We can inspect our estimates and see that the model provides a good fit for the parameters.
Note that we only get an estimate for \(b\). Previously, we set the parameter \(a\) with the flag free = False.
This effectively excludes it from the estimation and uses its default value, which was set to the true value a = 0.
Customize the posterior predictive checks
You can explore the API of pymob.sim.plot.SimulationPlot to find out how you can work on the default predictions. Of course you can always make your own plot, by accessing pymob.simulation.inferer.idata and pymob.simulation.observations
Report the results 🗒️#
Pymob provides the option to generate an automated report of the parameter distribution for a simulation.
The report can be configured by modifying the options in report().
# report the results
sim.report()
[WARNING] Could not fetch resource 'probability_model.png': replacing image with description
[WARNING] This document format requires a nonempty <title> element.

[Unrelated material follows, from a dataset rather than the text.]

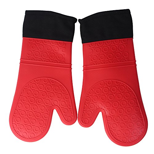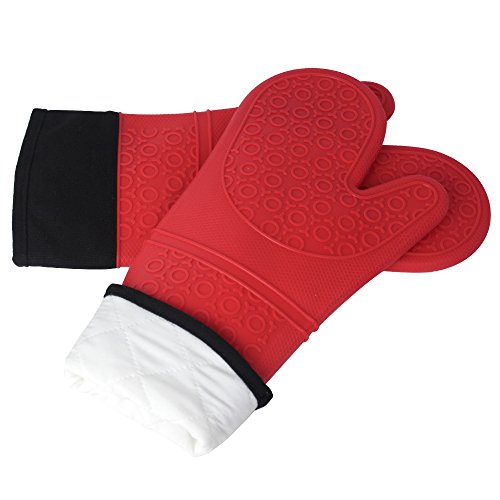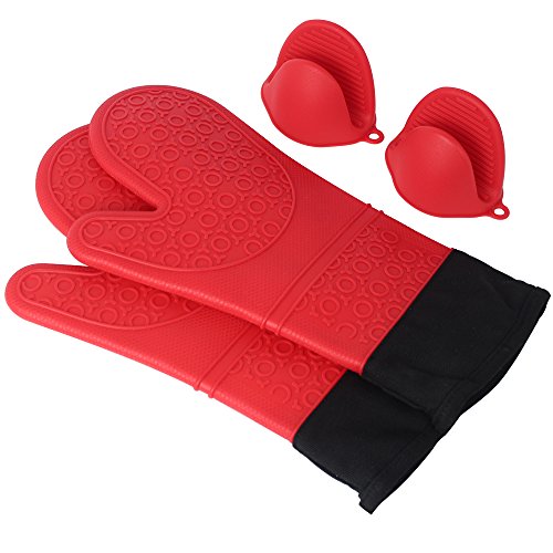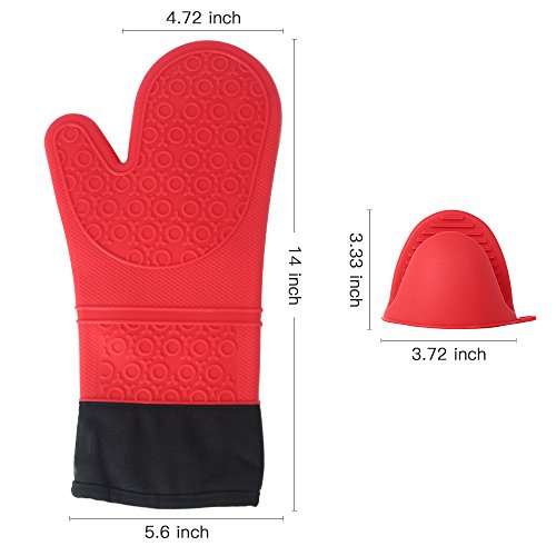 Silicone Oven Mitts 1 Pair of Quilted Cotton Lining - Heat Resistant Kitchen Gloves,Matching Mini Oven Mitts(Red, 2 Pair) (Y)

Defaulting to 'report' as the title.
To specify a title, use 'title' in metadata or --metadata title="...".


Exporting the simulation and running it via the case study API 📤#
After constructing the simulation, all settings - custom and default - can be exported to a comprehensive configuration file.
The simulation will be saved to the default path (CASE_STUDY/scenarios/SCENARIO/settings.cfg) or to a custom path, specified with the file path keyword fp.
Setting force=True will overwrite any existing config file, which is a reasonable choice in most cases.
From this point on, the simulation is (almost) ready to be executed from the command-line.
import os
sim.config.create_directory("scenario", force=True)
sim.config.create_directory("results", force=True)
# usually we expect to have a data directory in the case
os.makedirs(sim.data_path, exist_ok=True)
sim.save_observations(force=True)
sim.config.save(force=True)
Scenario directory created at '/home/docs/checkouts/readthedocs.org/user_builds/pymob/checkouts/latest/docs/source/user_guide/case_studies/superquickstart/scenarios/linreg'.
Results directory exists at '/home/docs/checkouts/readthedocs.org/user_builds/pymob/checkouts/latest/docs/source/user_guide/case_studies/superquickstart/results/linreg'.
Commandline API#
The command-line API runs a series of commands that load the case study, execute the initialize() method and perform some more initialization tasks before running the required job.
pymob-inferruns an inference job, for example:pymob-infer --case_study=quickstart --scenario=test --inference_backend=numpyro.
While there are more command-line options, these two (–case_study and –scenario) are required.